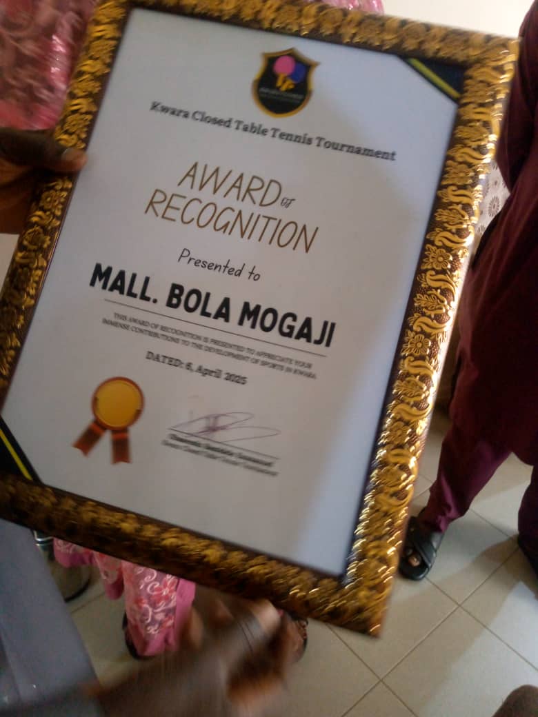 The organizers of Kwara Close Table Tennis Tournament today presented an award of Recognition to the Executive Chairman of the Kwara state Sports Commission, Coach Bola Mogaji in his office.
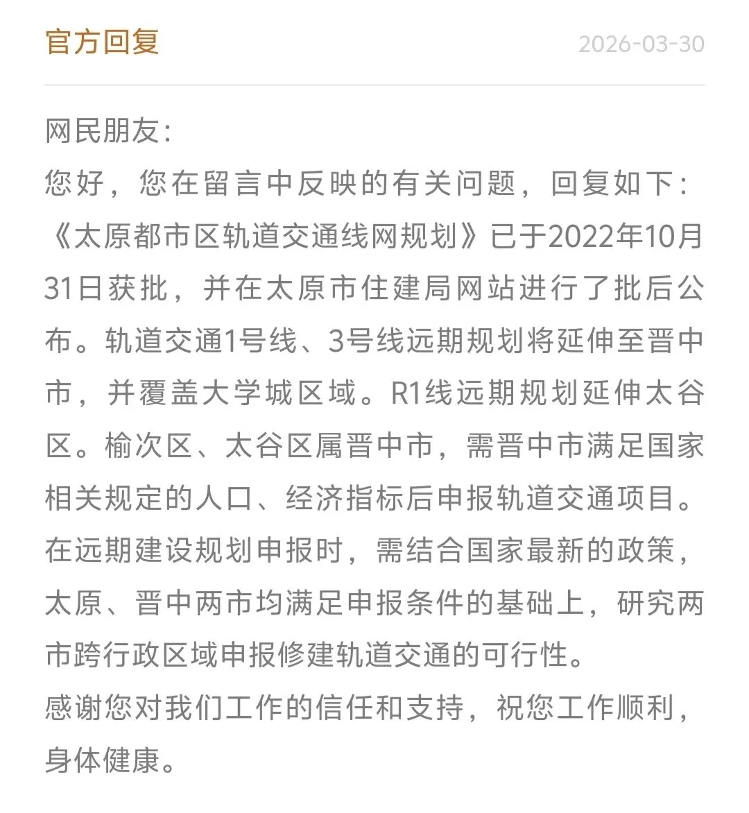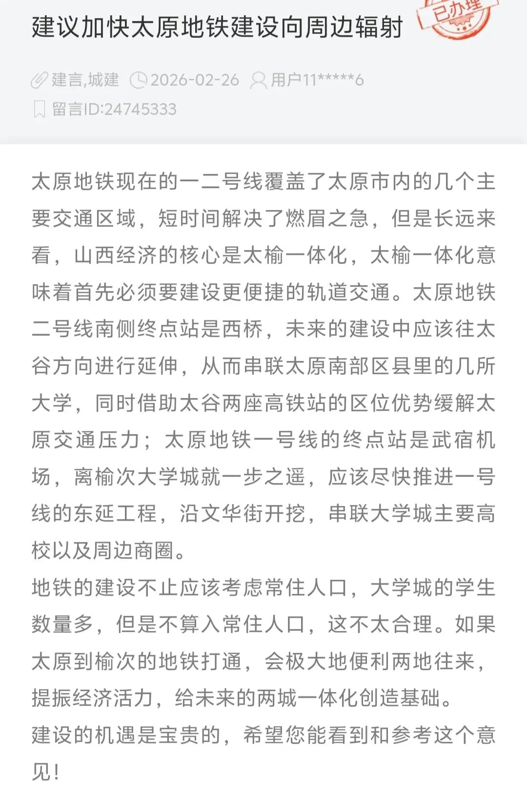 针对该建议,太原市相关部门于2026年3月30日正式回复:
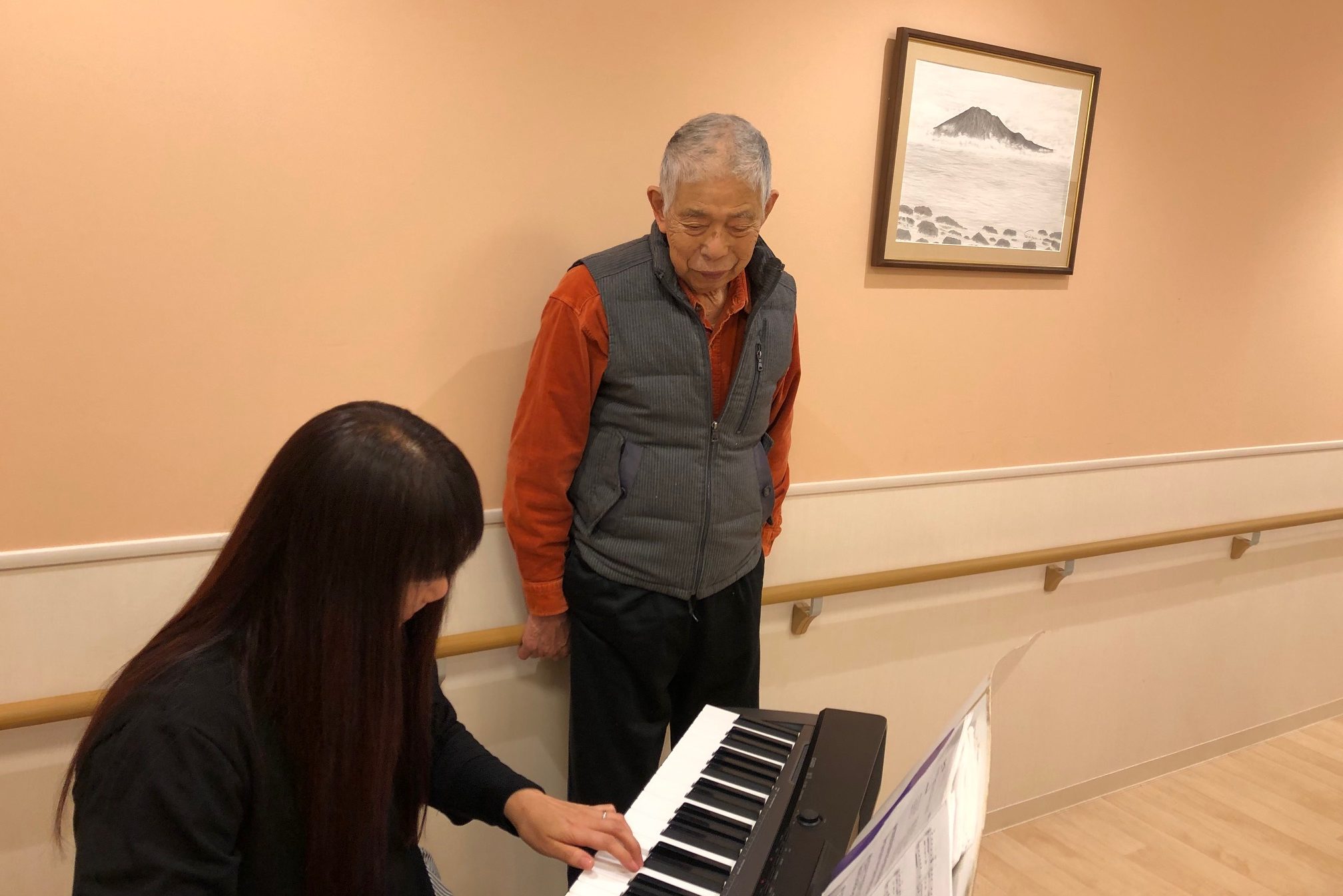 クリスマス会の生演奏後は、先生のところに駆け寄り、生演奏で気持ちよさそうに歌われました。
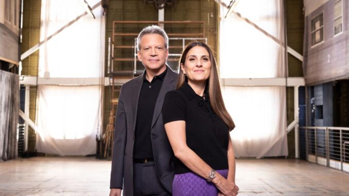 Pam Abdy and Mike De Luca, co-chairs and chief executive officers of the Warner Bros. Motion Picture Group, are posing for a photo in the Scenic Loft on the studio’s historic lot. You may remember this as the backdrop from a scene in “The Studio,” where the head of a fictional Hollywood institution, played by Seth Rogen, learns he’s finally landed his dream job. That is, if he can get a four-quadrant movie based on a popular drink mix off the ground. The duo thinks the Emmy-winning series is a funny “caricature of the industry” — except for, well, one aspect: getting that Kool-Aid movie on track.
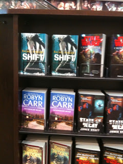 Yesterday I saw Shift on the top rack of the new release display at my local Barnes and Noble! It's still nine days until the official release, and I hope to have some release goodies for you very soon, but some stores already have the book on the shelf. Including the B&N at La Cantera, in San Antonio, where I left a bunch of signed copies.Yesterday was kind of insane, in the best possible way. I had lunch/dessert/coffee with a friend, signed books at B&N, wrote 3,700 words (chapter 7) on MS...
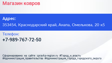 Магазин ковров по адресу 353454, Краснодарский край, Анапа, Омелькова, 20 к5 в дальнейшем Организация, размещена в следующих категориях:
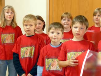 | Doch beim Singen dachte keiner mehr daran und die Kinder sangen unbeschwert auf. |

◆ Aim of the exercise ◆
Word for word, give again the lines from the first entry to the line with "Pam Abdy and", inclusive. Exclude the pictures.

◆ Answer to the problem ◆
 The organizers of Kwara Close Table Tennis Tournament today presented an award of Recognition to the Executive Chairman of the Kwara state Sports Commission, Coach Bola Mogaji in his office.
 针对该建议,太原市相关部门于2026年3月30日正式回复:
 クリスマス会の生演奏後は、先生のところに駆け寄り、生演奏で気持ちよさそうに歌われました。
 Pam Abdy and Mike De Luca, co-chairs and chief executive officers of the Warner Bros. Motion Picture Group, are posing for a photo in the Scenic Loft on the studio’s historic lot. You may remember this as the backdrop from a scene in “The Studio,” where the head of a fictional Hollywood institution, played by Seth Rogen, learns he’s finally landed his dream job. That is, if he can get a four-quadrant movie based on a popular drink mix off the ground. The duo thinks the Emmy-winning series is a funny “caricature of the industry” — except for, well, one aspect: getting that Kool-Aid movie on track.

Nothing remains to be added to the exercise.